TASK INPUTS ->

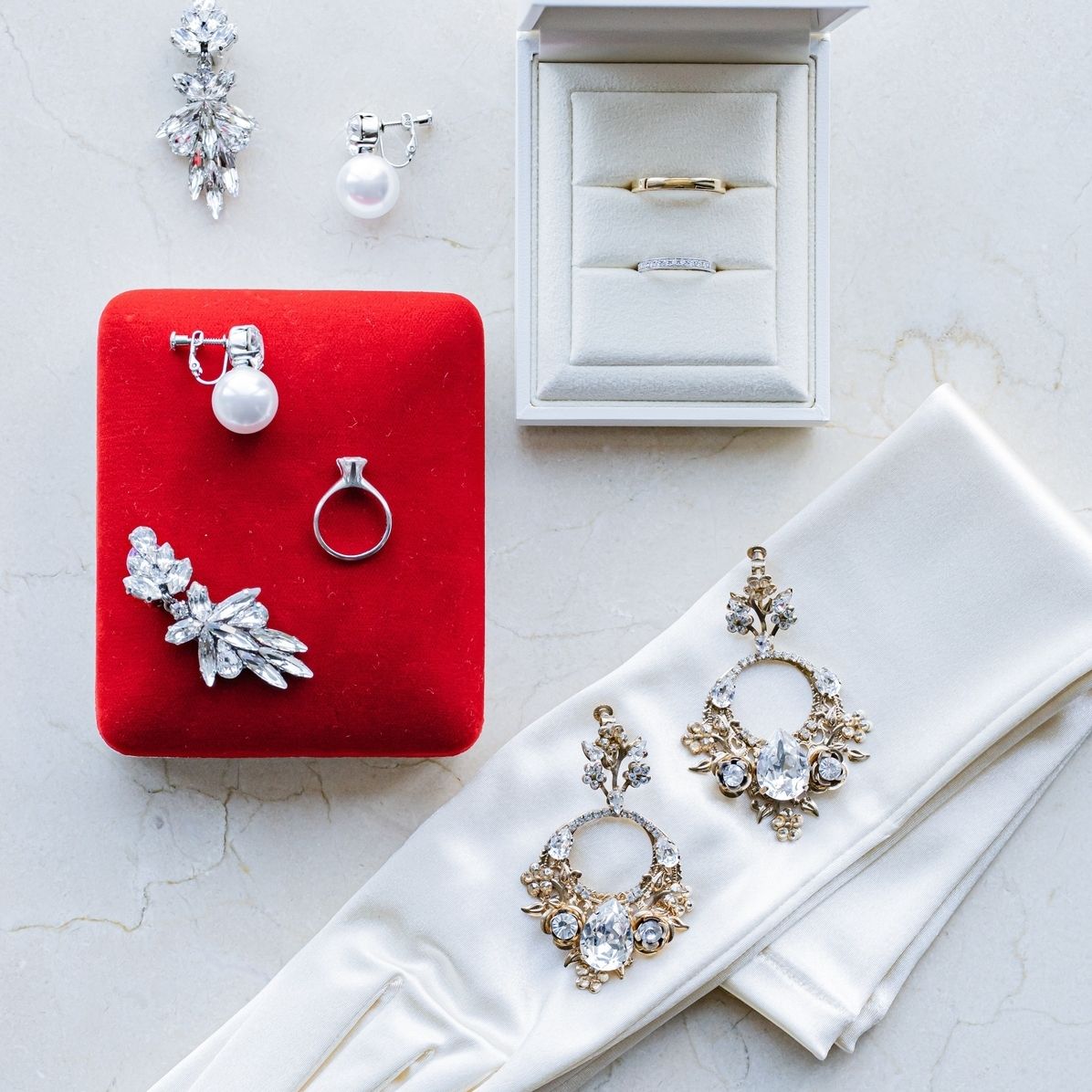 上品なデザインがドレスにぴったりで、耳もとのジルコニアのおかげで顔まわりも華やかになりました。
* * *
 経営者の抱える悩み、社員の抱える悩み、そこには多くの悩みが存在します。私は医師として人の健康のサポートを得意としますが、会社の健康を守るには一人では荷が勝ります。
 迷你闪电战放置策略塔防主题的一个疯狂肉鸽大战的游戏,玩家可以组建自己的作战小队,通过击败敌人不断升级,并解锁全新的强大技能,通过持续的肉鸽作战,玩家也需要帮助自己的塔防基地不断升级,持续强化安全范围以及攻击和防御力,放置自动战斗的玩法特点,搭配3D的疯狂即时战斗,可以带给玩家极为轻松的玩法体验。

EXERCISE ->
Only the lines above from the line with "経営者の抱える悩み、社員の抱" to the line with "迷你闪电战放置策略塔防主题的", those two lines included, should be reproduced exactly.

RESULT OF THIS TASK ->
 経営者の抱える悩み、社員の抱える悩み、そこには多くの悩みが存在します。私は医師として人の健康のサポートを得意としますが、会社の健康を守るには一人では荷が勝ります。
 迷你闪电战放置策略塔防主题的一个疯狂肉鸽大战的游戏,玩家可以组建自己的作战小队,通过击败敌人不断升级,并解锁全新的强大技能,通过持续的肉鸽作战,玩家也需要帮助自己的塔防基地不断升级,持续强化安全范围以及攻击和防御力,放置自动战斗的玩法特点,搭配3D的疯狂即时战斗,可以带给玩家极为轻松的玩法体验。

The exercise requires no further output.